In this paper we study the limit, in the sense of the Γ-convergence, of sequences of two-dimensional energies of the type \({\int_\Omega A_n\nabla u\cdot\nabla u\,dx+\int_\Omega u^2d\mu_n}\), where A _n is a symmetric positive definite matrix-valued function and μ _n is a nonnegative Borel measure (which can take infinite values on compact sets). Under the sole equicoerciveness of A _n we prove that the limit energy belongs to the same class, i.e. its reads as \({\hat F(u)+\int_\Omega u^2d\mu}\), where \({\hat F}\) is a diffusion independent of μ _n and μ is a nonnegative Borel measure which does depend on \({\hat F}\) . This compactness result extends in dimension two the ones of [11,23] in which A _n is assumed to be uniformly bounded.
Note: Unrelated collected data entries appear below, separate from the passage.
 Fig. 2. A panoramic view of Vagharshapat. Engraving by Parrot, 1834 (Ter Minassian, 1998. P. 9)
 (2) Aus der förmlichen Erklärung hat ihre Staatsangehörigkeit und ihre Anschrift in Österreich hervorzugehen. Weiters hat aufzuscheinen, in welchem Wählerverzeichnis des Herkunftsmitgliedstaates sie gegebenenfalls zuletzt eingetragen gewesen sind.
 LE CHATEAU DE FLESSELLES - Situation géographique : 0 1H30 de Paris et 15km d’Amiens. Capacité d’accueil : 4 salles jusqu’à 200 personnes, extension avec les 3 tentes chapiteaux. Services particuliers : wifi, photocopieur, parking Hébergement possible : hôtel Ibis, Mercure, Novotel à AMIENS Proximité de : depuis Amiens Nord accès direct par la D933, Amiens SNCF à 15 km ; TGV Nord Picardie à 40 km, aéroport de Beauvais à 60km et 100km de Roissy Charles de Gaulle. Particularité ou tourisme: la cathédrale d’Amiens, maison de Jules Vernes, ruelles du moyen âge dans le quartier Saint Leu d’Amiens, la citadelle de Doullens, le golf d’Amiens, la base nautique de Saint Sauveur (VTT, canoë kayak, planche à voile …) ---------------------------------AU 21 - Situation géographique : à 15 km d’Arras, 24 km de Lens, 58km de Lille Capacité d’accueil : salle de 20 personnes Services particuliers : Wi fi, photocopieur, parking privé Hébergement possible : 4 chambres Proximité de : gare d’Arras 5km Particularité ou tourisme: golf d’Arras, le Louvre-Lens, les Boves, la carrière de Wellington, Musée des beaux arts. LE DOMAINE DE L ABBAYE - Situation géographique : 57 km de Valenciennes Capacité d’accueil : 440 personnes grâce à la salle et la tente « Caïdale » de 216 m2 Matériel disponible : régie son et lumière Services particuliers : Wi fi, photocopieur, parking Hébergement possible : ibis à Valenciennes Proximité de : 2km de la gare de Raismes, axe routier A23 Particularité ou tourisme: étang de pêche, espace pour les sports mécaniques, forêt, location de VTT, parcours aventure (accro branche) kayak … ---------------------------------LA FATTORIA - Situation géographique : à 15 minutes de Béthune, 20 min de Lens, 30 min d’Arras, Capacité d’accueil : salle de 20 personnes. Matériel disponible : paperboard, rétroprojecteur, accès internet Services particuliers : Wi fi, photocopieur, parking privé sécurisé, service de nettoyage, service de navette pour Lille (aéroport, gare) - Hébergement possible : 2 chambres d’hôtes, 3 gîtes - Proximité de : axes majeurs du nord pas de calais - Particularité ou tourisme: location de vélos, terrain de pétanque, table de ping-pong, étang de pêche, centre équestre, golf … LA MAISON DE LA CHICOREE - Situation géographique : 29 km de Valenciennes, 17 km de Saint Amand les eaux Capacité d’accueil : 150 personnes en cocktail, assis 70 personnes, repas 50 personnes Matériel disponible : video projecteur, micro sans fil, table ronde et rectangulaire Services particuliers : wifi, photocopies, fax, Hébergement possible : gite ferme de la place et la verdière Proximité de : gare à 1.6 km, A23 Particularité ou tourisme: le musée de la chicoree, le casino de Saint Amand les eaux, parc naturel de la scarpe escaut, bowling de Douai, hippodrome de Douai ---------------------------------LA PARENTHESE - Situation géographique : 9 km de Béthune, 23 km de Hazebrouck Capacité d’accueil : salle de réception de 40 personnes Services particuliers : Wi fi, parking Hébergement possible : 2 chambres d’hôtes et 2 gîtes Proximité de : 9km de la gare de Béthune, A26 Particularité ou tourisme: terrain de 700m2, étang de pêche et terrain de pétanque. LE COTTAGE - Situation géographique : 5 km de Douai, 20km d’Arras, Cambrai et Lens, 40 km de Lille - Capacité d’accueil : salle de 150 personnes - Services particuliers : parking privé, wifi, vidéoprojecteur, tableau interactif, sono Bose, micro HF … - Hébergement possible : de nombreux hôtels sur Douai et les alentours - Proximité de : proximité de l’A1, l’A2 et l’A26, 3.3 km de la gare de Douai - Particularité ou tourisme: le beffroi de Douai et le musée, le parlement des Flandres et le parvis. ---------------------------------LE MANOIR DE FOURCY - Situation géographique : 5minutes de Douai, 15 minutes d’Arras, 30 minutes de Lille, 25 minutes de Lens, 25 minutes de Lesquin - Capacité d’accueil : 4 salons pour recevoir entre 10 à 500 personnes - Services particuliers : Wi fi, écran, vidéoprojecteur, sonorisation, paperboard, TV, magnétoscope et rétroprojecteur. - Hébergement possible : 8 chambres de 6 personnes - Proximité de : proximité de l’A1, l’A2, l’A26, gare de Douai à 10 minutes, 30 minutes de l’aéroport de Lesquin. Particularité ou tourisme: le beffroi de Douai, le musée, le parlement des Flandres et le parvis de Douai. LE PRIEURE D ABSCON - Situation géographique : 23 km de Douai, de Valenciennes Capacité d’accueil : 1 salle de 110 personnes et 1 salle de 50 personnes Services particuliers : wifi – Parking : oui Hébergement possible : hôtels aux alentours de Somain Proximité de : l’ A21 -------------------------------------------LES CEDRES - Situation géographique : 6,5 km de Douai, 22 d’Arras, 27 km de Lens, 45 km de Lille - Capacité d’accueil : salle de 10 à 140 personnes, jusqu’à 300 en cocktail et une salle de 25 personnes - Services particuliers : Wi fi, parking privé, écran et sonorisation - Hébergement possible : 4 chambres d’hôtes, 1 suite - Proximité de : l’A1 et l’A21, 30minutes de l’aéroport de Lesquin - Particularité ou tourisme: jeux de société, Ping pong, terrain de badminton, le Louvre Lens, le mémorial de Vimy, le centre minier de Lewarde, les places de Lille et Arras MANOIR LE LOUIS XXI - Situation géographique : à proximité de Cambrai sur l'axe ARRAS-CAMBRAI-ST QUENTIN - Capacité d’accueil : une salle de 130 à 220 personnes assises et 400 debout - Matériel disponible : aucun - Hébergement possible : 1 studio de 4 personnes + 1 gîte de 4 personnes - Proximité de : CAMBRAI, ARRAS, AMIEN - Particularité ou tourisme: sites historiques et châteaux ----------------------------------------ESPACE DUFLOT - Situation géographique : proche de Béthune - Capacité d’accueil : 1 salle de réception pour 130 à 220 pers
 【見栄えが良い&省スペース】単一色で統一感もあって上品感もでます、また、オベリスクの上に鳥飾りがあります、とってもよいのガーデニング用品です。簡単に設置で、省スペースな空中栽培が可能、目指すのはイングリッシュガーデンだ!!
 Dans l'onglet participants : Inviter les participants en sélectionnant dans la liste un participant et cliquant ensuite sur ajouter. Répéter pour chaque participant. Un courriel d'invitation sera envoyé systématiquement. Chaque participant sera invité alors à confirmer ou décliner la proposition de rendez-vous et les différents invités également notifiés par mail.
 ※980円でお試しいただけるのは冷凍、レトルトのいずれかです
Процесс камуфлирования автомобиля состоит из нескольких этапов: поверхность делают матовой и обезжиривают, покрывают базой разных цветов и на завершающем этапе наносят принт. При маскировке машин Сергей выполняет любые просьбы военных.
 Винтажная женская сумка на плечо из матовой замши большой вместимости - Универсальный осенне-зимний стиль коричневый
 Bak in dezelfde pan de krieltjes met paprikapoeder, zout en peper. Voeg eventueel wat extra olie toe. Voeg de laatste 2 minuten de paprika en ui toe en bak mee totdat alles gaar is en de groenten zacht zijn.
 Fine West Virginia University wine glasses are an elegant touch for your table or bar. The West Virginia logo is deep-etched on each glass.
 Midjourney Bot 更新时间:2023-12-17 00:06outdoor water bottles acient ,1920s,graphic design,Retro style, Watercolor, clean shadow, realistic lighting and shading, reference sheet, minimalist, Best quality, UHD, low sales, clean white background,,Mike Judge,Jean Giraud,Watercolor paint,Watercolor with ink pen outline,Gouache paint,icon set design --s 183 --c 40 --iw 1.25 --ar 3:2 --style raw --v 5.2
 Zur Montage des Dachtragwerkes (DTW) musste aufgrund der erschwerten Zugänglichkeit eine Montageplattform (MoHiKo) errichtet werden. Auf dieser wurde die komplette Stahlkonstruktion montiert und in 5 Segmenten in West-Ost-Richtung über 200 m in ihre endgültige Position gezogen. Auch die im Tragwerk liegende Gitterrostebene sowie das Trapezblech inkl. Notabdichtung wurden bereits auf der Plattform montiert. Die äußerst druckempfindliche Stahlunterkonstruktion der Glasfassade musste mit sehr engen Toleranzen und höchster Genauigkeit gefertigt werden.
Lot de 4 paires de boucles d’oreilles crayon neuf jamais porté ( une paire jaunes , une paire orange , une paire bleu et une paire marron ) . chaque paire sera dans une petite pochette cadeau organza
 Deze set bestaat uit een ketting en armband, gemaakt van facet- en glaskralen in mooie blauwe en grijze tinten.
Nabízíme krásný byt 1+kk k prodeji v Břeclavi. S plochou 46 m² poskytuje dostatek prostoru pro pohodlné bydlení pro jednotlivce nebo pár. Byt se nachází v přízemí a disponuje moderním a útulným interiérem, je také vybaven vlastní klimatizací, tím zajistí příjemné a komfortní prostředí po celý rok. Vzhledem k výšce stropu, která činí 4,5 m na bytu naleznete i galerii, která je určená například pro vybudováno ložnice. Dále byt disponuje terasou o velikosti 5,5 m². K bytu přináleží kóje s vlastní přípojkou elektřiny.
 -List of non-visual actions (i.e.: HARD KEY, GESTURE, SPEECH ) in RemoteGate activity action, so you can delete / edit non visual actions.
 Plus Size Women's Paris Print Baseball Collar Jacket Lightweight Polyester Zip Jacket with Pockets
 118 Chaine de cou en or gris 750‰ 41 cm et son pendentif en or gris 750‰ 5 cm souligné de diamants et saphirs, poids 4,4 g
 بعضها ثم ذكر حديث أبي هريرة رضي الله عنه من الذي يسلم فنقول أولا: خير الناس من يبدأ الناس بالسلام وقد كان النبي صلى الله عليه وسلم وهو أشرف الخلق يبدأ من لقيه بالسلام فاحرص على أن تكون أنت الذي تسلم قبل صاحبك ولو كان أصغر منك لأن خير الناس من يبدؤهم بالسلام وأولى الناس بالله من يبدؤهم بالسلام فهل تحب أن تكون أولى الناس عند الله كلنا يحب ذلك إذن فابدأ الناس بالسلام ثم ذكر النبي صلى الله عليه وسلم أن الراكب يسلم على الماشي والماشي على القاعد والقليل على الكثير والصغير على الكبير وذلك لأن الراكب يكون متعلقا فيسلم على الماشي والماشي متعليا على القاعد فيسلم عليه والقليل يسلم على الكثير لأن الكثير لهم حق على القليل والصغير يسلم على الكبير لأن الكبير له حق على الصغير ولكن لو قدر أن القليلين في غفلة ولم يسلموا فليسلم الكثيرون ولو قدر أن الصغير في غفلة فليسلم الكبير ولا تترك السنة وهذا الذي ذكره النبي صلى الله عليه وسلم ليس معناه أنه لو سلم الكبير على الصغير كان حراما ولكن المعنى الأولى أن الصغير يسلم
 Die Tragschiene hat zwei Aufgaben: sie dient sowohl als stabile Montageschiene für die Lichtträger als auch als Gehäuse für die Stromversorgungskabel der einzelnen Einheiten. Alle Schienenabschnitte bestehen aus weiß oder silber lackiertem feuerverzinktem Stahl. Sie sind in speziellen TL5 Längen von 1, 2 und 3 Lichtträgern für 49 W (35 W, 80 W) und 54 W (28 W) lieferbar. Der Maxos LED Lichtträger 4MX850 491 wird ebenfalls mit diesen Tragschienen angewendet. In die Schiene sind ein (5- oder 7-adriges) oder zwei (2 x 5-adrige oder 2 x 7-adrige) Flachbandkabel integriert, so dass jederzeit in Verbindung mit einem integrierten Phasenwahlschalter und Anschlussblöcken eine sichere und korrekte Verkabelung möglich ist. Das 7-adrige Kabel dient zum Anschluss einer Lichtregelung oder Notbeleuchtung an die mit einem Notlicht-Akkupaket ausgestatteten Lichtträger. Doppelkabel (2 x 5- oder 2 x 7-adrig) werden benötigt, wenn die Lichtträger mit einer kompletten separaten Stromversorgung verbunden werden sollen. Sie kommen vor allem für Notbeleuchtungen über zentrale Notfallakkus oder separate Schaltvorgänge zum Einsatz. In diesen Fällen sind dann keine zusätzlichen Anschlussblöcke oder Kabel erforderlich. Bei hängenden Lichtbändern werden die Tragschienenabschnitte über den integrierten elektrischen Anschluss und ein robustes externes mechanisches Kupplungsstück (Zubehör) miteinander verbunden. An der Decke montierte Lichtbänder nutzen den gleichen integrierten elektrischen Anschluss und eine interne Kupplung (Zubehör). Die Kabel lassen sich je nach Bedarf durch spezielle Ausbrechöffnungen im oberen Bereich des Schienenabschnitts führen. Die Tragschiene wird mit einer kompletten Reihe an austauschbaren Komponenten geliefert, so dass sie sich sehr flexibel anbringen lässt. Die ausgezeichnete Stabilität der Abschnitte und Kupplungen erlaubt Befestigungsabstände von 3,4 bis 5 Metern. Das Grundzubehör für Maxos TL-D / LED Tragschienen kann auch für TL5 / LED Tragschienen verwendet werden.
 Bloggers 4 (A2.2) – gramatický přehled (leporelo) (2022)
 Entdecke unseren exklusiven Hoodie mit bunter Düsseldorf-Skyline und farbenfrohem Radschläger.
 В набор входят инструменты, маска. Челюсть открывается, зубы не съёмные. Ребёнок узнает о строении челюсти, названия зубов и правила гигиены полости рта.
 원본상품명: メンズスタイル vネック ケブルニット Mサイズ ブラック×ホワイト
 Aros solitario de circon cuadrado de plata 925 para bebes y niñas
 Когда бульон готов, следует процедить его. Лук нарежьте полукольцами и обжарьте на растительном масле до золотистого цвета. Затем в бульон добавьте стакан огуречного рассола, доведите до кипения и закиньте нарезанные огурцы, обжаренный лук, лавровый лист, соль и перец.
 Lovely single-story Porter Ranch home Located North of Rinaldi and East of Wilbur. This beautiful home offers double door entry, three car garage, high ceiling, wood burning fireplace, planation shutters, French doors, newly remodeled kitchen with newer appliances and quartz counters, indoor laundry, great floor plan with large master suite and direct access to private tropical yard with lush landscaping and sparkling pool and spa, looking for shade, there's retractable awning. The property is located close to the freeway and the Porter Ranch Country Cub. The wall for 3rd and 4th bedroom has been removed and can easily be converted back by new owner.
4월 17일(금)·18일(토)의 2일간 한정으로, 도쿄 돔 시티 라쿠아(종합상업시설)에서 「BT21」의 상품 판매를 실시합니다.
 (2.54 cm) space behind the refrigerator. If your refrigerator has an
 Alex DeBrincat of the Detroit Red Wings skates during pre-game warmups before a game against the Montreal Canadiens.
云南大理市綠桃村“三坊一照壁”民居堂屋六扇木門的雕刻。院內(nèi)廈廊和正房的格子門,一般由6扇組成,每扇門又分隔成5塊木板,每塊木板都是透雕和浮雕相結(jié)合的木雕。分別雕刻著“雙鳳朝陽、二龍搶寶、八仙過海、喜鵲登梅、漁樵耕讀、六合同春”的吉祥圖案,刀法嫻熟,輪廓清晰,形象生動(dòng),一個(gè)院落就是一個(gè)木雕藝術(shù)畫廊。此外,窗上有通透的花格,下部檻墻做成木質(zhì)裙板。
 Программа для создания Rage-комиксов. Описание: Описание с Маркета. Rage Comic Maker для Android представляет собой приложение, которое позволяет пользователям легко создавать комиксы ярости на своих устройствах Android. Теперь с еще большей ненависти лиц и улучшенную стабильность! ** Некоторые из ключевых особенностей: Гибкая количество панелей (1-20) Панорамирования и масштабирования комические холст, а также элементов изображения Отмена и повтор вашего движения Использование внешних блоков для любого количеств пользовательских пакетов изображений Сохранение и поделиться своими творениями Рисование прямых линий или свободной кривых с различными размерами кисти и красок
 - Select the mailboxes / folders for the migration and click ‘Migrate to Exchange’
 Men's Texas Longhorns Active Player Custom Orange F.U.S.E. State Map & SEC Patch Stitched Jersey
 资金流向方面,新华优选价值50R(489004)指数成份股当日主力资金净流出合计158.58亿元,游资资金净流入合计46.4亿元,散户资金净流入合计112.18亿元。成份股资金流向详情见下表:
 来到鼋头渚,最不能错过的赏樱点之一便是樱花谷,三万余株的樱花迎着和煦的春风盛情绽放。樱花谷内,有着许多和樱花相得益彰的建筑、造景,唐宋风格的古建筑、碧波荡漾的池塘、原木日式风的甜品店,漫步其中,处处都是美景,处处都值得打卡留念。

It is also based on the compactness result of [7] obtained for sequences of two-dimensional diffusions (without zero-order term). Our result does not hold in dimension three or greater, since nonlocal effects may appear. However, restricting ourselves to three-dimensional diffusions with matrix-valued functions only depending on two coordinates, the previous two-dimensional result provides a new approach of the nonlocal effects. So, in the periodic case we obtain an explicit formula for the limit energy specifying the kernel of the nonlocal term.